I use the Composer's Desktop Project software which includes tools that do
this, and in my experience the idea that you can simply interpolate between
FFTs and get a morph to sound convincing is naive. And I disagree that a
morph is the same as a crossfade. A true morph would create a half-way
stage that is neither one sound or the other but includes characteristics
of both. A cross-fade doesn't do this.

The problem with the FFT is that it's looking at this problem the wrong
way. When you identify a sound you don't hear it as an FFT, but as a
combination of pitch, amplitude envelope, short-term timbral detail, and
medium-term timbral envelope. To create an acceptable morph you have to be
able to isolate these factors and control them individually. This is
moderately easy for monophonic sounds but spectacularly difficult for
polyphonic sounds. 

In short, to create a convincing morph between sounds that are dissimilar
you have to model the sounds and interpolate the coefficients of the model
from one sound to the other.
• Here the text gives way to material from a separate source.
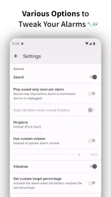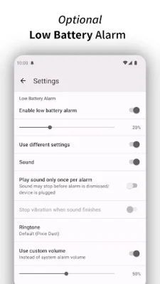 This application aims to help users save power and electricity by preventing unnecessary charging of their devices. It offers a new optional beta feature, a low battery alarm/charge reminder, which can be turned on in the settings. This feature helps users charge their devices on time. However, users of Huawei, OnePlus, Xiaomi, or Meizu devices may need to follow specific instructions to prevent any issues with the app or alarm. The app allows for customization of the alarm, including the ringtone and vibration settings. It is designed with simplicity in mind, making it easy for anyone to use. To use the app, simply open it, enable the alarm, and adjust the settings as desired. Some of the key features of this app include helping users unplug their devices on time, a new optional bonus feature of a low battery alarm/charge reminder, the ability to set a custom alarm ringtone, and the option to enable or disable vibration for the alarms. The app also has a clean and simple user interface, is fast and lightweight, and does not have any unnecessary features or bloat. Overall, this app is free to use and aims to be original and SEO-oriented. It is designed to be user-friendly and help users take care of their devices while also saving power and electricity.
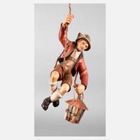 20. Jh., Holz geschnitzt und farbig gefasst, rückseitig mit originalem Klebeetikett ”Nebelhorn Holzschnitzerei Alois Ohmayer Bildhauer Oberstdorf Allgäu”, vollplastische Darstellung eines jungen Burschen in Tracht, in seiner Hand eine kleine Laterne aus Kupferblech haltend, diese einflammig elektrifiziert, H 30 cm.

Which model you use - LPC, physical modelling,
some variant of the FFT that adds extra information about pitch and timbral
envelope, or whatever - doesn't matter as much as the ability to describe
the sounds convincingly at each end of the morph and change the model's
coefficients smoothly.

If you do this you can get some very interesting results, particularly with
short morphs that mutate a single monophonic sound quite quickly. But it's
a long and tedious process, and requires a lot of trial and error before
you find something that works well. For some sounds, especially those with
a very variable amplitude envelope, you can get very good results by simply
copying the envelope variation from one sound to another and doing a
crossfade 'under' the new envelope. For other sounds the process is a lot
more complicated...

R.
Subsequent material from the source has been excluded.